== Segment start ==
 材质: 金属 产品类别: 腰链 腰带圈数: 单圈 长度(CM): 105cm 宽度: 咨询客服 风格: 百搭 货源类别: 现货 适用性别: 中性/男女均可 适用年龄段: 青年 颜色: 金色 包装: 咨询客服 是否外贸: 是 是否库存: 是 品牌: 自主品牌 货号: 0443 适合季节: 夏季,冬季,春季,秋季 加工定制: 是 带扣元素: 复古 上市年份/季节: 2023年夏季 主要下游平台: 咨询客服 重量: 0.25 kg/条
== Segment end ==
== Segment start ==
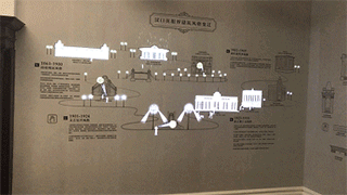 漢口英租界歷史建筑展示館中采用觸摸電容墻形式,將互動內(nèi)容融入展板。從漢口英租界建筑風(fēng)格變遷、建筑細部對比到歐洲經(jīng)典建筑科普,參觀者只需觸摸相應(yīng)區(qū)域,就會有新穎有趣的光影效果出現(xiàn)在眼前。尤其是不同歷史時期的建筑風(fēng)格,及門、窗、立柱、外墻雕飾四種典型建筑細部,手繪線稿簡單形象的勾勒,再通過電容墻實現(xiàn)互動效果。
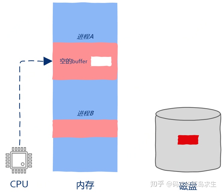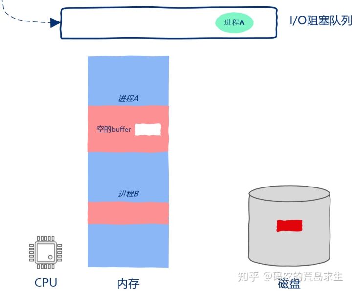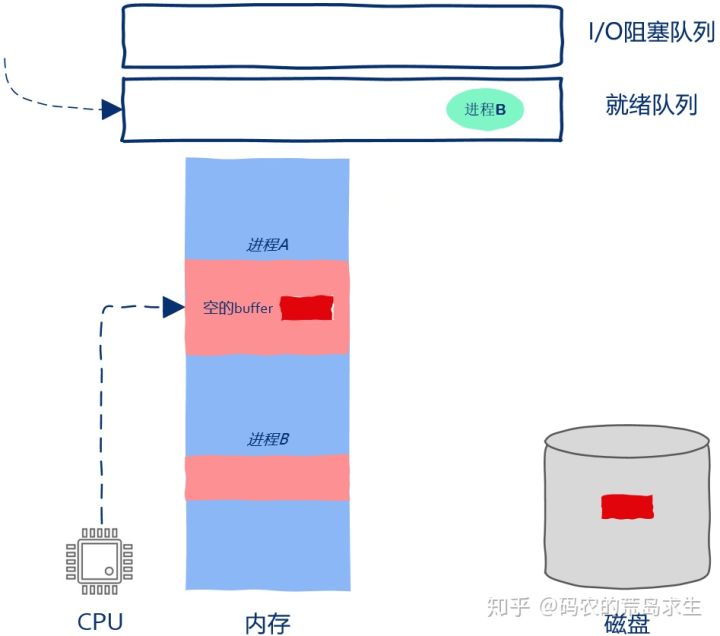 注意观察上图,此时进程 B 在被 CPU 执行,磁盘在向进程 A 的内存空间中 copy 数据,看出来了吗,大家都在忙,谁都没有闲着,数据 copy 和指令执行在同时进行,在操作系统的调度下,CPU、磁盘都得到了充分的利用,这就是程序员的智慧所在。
== Segment end ==
== Segment start ==
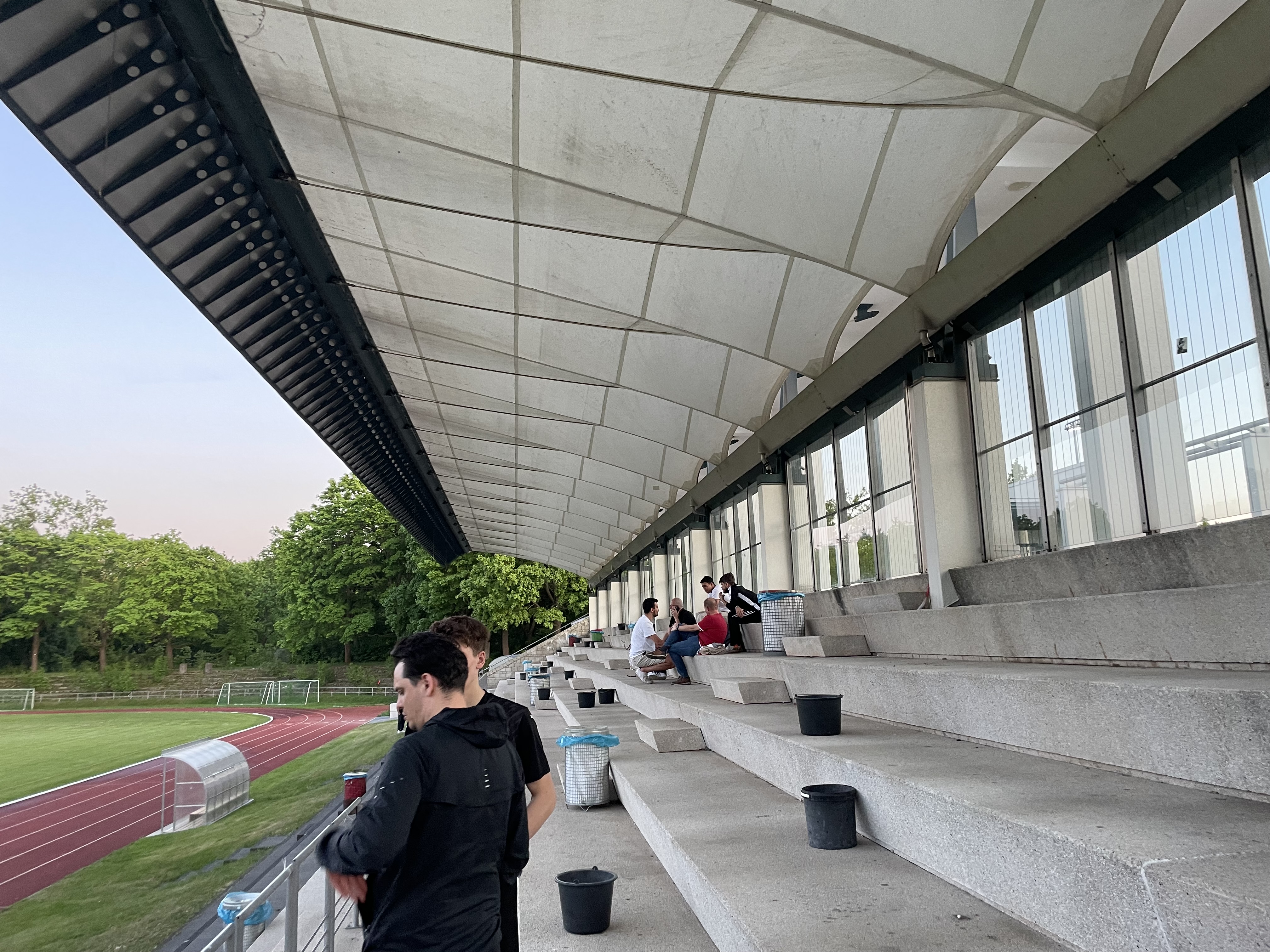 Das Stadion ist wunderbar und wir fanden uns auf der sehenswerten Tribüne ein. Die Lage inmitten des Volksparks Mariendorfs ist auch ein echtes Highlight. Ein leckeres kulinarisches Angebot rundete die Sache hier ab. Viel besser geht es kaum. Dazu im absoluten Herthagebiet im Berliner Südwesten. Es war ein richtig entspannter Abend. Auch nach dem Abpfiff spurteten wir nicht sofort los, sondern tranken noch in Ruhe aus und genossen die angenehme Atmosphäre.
== Segment end ==
INSTRUCTIONS TO FOLLOW: Look above for the line with "漢口英租界歷史建筑展示館中采" and the line with "注意观察上图,此时进程 B 在被". Copy them and every line between, exactly, but no pictures.

WRITTEN SOLUTION:
 漢口英租界歷史建筑展示館中采用觸摸電容墻形式,將互動內(nèi)容融入展板。從漢口英租界建筑風(fēng)格變遷、建筑細部對比到歐洲經(jīng)典建筑科普,參觀者只需觸摸相應(yīng)區(qū)域,就會有新穎有趣的光影效果出現(xiàn)在眼前。尤其是不同歷史時期的建筑風(fēng)格,及門、窗、立柱、外墻雕飾四種典型建筑細部,手繪線稿簡單形象的勾勒,再通過電容墻實現(xiàn)互動效果。
 注意观察上图,此时进程 B 在被 CPU 执行,磁盘在向进程 A 的内存空间中 copy 数据,看出来了吗,大家都在忙,谁都没有闲着,数据 copy 和指令执行在同时进行,在操作系统的调度下,CPU、磁盘都得到了充分的利用,这就是程序员的智慧所在。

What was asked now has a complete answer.